Files are written by filegen in chunks of random sizes and placed inside directory. The size of each individual chunk cannot exceed 64KB.

The options are as follows:

  • -r
    • Randomise the content of each file.
  • -v
    • Enable verbose mode.
  • -V
    • Verify the content of files in directory. If this option is specified, filegen does not write data.
  • -S
    • Call fsync(2) after writing each file.
  • -f maxfilesiz
    • The maximum size of each file in bytes. The default is 16MB.
  • -i interval
    • The interval between two consecutive writes in nanoseconds. The default is zero.
  • -p prefix
    • The prefix used when naming files. The default is an empty string.
  • -s seed
    • The seed used to initialise the sequence of pseudo-random numbers used by filegen. By default, a time-derived seed is used.
  • -t totalbytes
    • The total amount of bytes to be written. The default is 1GB.

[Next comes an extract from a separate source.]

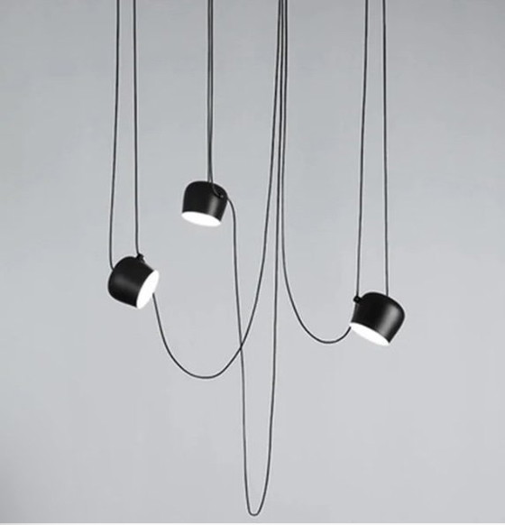 La lámpara colgante pequeña Flos AIM de 3 luces ofrece un diseño elegante y moderno, perfecto para espacios contemporáneos. Sus cables ajustables permiten una colocación versátil, convirtiéndola en una solución de iluminación funcional y con estilo. Fabricada en metal de alta calidad, esta lámpara es duradera y elegante. Ideal para añadir un toque de sofisticación a cualquier habitación.

One could use the script below to write 128GB worth of data in /stage using 16 concurrent processes, with random content and each file holding 128MB at most, an interval of 0.5ms between writes, and 6010 as the seed:

# cat << 'EOF' > run.sh
T=8589934592    # 8GB
F=134217728     # 128MB
S=6010          # seed
I=500000        # 0.5ms
jot -c 16 A | xargs -t -n 1 -J % -P 16 filegen $1 -r -i $I -t $T -f $F -s $S -p % /stage

Or, on Linux with bash or zsh:

# cat << 'EOF' > run.sh
T=8589934592    # 8GB
F=134217728     # 128MB
S=6010          # seed
I=500000        # 0.5ms
echo {A..P} | tr ' ' '\n' | xargs -t -n 1 -I {} -P 16 filegen $1 -r -i $I -t $T -f $F -s $S -p {} /stage

It would then be possible to dispatch the processes using:

# sh run.sh

After a simulated (or actual) outage, the files could be verified using:

# sh run.sh -V